Usually a little less per serving, though it depends on the doses you compare. A standard 2 g matcha at roughly 60 to 70 mg sits below a typical 240 ml drip coffee at around 95 mg, and close to a single espresso at roughly 63 mg. Both scale with dose: a double espresso or a 3 g matcha latte pushes higher. The more useful difference is not the milligram count but how the caffeine is delivered — matcha carries L-theanine alongside it, which is why an equal dose tends to read steadier.
Why does matcha feel calmer than coffee?
Because matcha is a shade-grown tea, it is unusually rich in L-theanine, an amino acid green tea is known for. L-theanine is commonly described as taking the sharp edge off caffeine, so the lift arrives more gradually and with less of the jittery spike people associate with a strong coffee. This is a widely reported sensory difference, not a medical claim; what a café can rely on is that customers frequently describe matcha as a steadier, more even alertness at a similar caffeine level.
Does shade-growing or first harvest change the caffeine?
Both tend to raise it.
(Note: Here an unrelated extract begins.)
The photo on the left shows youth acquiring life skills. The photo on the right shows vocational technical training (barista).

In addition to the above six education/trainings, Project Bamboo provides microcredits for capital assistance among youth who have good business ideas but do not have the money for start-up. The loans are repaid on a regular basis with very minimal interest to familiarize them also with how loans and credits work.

Shading the plants for the weeks before harvest pushes the leaf to hold more caffeine and L-theanine, part of why matcha and gyokuro sit higher than ordinary green tea. Younger leaves also carry more caffeine than older ones, so first-harvest (ichiban-cha) leaf used for premium grades tends toward the higher end of the range, while later harvests used for everyday grades tend lower. These are tendencies across a crop, not fixed numbers — season and lot move them.
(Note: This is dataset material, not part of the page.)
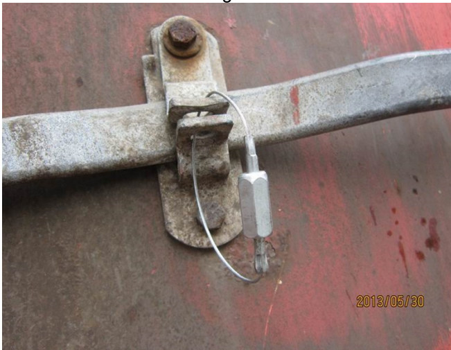
loading view 9

What changes how much caffeine ends up in the cup?
Dose is the biggest lever by far: double the powder and you roughly double the caffeine, which is why a 3 g latte carries more than a 2 g bowl. Grade and harvest shift it more modestly — a first-harvest premium grade tends higher than an everyday later-harvest one at the same weight. Milk, water volume, and temperature do not change the caffeine, since you consume the whole powder regardless; they change flavour and strength of taste, not the milligrams. To control caffeine per drink, standardise the gram dose.
How should a café think about caffeine per serving?
Anchor it to your gram dose and keep that dose consistent. A 2 g single is roughly a light-coffee equivalent at 60 to 70 mg; a 3 g latte dose runs nearer 90 to 100 mg, in double-espresso territory. Weigh or scoop to a fixed dose so every drink lands in the same band, and you can answer a customer honestly without guessing. If your menu wants a lighter option, a smaller dose in more milk gives it without a different product.
Is decaf or low-caffeine matcha a thing?
True decaffeinated matcha is rare and generally not what a specialty café wants, because the processing that strips caffeine tends to dull the colour and flavour the grade was grown for. The practical way to serve a lighter cup is a smaller gram dose in more milk, which lowers the caffeine per drink while keeping a real, vivid matcha. If a customer needs to avoid caffeine entirely, matcha is not the drink to reach for — but for merely lighter, dose is the honest lever.